Which one do I think is best?  Well, if you'll excuse the cliche, that's like saying Jenna Jameson is 'better' than Janine Lindemulder or Tara Patrick, or that a Porsche is better than a Ferrari or Lambroghini.  Too tough of a call to make.  Fortunately, there's an easy solutions.  Buy all three. You'll be glad you did if you care about learning WCF.

They all have different strengths and emphasize different things.  I don't think any of them are deficient in any way, but they each have a few areas that well over the 100% mark.  Juval's strong points are : 

  • His ability to spell out big picture issues and then relate them to specific tasks. For instance, much in the style of Rocky's discussion of business objects via CSLA, Juval builds upon a useful framework that gets more involved as the book progresses.
  • Data Contracts were discussed as well as anything could be discussed.  All three books are pretty strong on Data Contracts, however I've largely focused on other things until now.  I finally had some time to get deep into data contracts and happened upon Juval's book.  Excellent.  He aslo did a great job on Transactions and Security.  Every time I think I've 'gotten' it with security, I read something else and realize how little I know.
  • In the end, Juval wraps it up with a series of suggestions that are just plain good.  At first I had trouble with a few of them.  Juval found out about it and graciously sent me an email explaining them.  I realized I was the bubblehead that hadn't paid enough attention. 
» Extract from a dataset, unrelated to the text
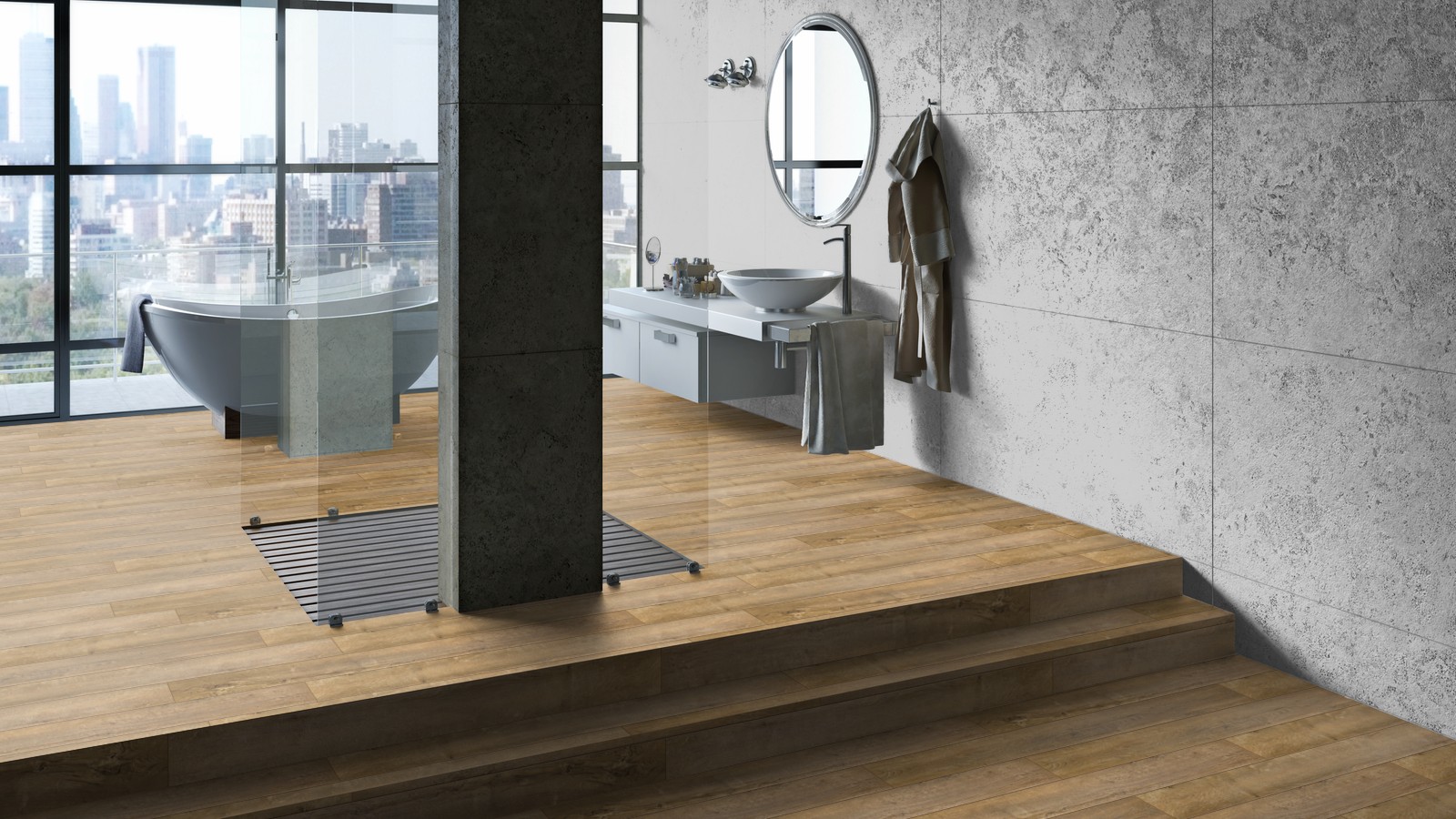 De nos jours, le stratifié de vinyle gagne en popularité et est utilisé dans les pièces très humides, telles que les salles de bain, les toilettes ou les terrasses extérieures. Tarkett présente de nouvelles collections de stratifiés de vinyle présentant des caractéristiques de production très différentes. technologies utilisées et solutions de conception:

All I can say is that Juval's book is top notch and it's clearly the work of a guy really committed to excellence in his profession.  I say the same about the previous two WCF books and can promise you that you can't go wrong with any of them, and you're guaranteed to go right with all three.

 

Office Sharepoint 2007

As a staunch Bill E fan, all I can say is Bill knocked it out of the park again.  My MOSS 2007 game was off to a good start, but I got distracted on too many other things. I'm trying to make a second pass at it now and am darned glad i got this.  I'm taking the 70-630 next week, so the proof will be in the pudding but I'm quite sure I'll do well on it.

Can't go wrong with a Bill English book either.